Anthony Powell - Casanovas chinesisches Restaurant/Casanova's Chinese Restaurant

Es gibt 29 Antworten in diesem Thema, welches 6.850 mal aufgerufen wurde. Der letzte Beitrag () ist von Valentine.


  • Als er mit Nick darüber spricht - ein Glas sei noch erlaubt, er müsse nicht komplett mit dem Alkohol brechen - dachte ich mir, dass ihm noch ein sehr weiter Weg bevorsteht, wenn er ihn den jemals überhaupt betreten wird.


    Ich glaube es kaum. Auch sein Umfeld trägt ja nicht dazu bei, dass er sich komplett von der Flasche trennen könnte. Man behandelt ihn, wie man einen dementen oder zumindest etwas vertrottelten alten Onkel behandeln würde, lässt ihm in gewissem Umfang Narrenfreiheit und passt halt auf, dass er keinen Mist anstellt. Echte Unterstützung sieht anders aus. Wirklich schlimm, er ist doch noch so jung!

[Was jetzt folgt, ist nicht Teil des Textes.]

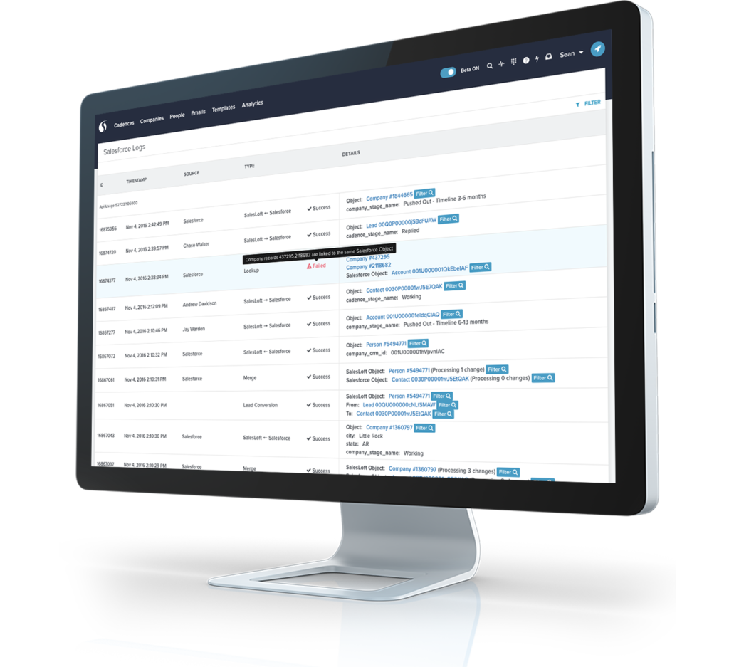 This is why Sales Operations leaders love Salesloft. Salesloft provides complete transparency and valuable insight into what data is being transferred with a real-time log of all sync activities, including their status and outcomes. Review all the details on fields, records, time, and direction. With sync logs, Administrators can easily monitor the data transfer between platforms, easily retry failed syncs and troubleshoot mapping errors, should they arise.
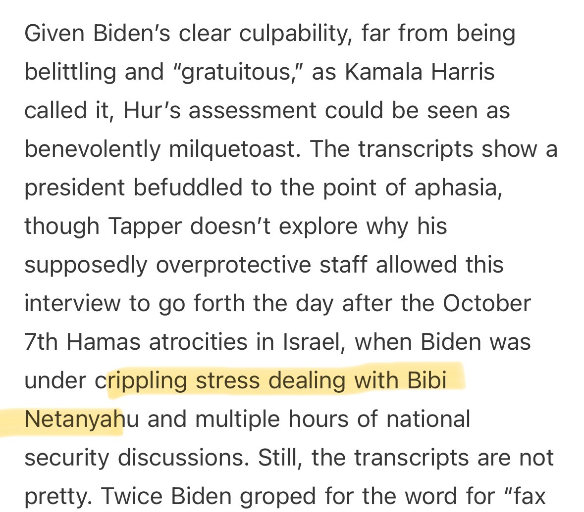 Lahav Harkov @lahavharkov · Twitter · 2025-05-27 06:19 UTC Tina Brown found the culprit for why Biden sounded so bad in the Hur tapes. Bibi! Of course. It’s always Bibi.

    If you don't become the ocean, you'll be seasick every day.

    Leonard Cohen





  • Ah, bis zum Erscheinen des beschwipsten Stringham bin ich schon gekommen.


    Etwas entsetzt war ich ja über Matildas Äußerungen zur Ehe. Erst jammert Moreland rum, dass er sich im Eheleben nicht wirklich wohl fühlt und nun auch noch Matilda.



    Die Maclinticks sind noch ein Beispiel für eine grausliche Ehe. Gab es überhaupt bei Powell schon mal eine gute Ehe (oder überhaupt eine gelungene Beziehung?) :gruebel:


    Gut, so schlimm wie die Maclinticks ist bisher kein anderes Paar, aber glücklich scheint keiner über die Maßen zu sein. Eigentlich recht traurig. Außerdem wimmelt es nur so von Geschiedenen.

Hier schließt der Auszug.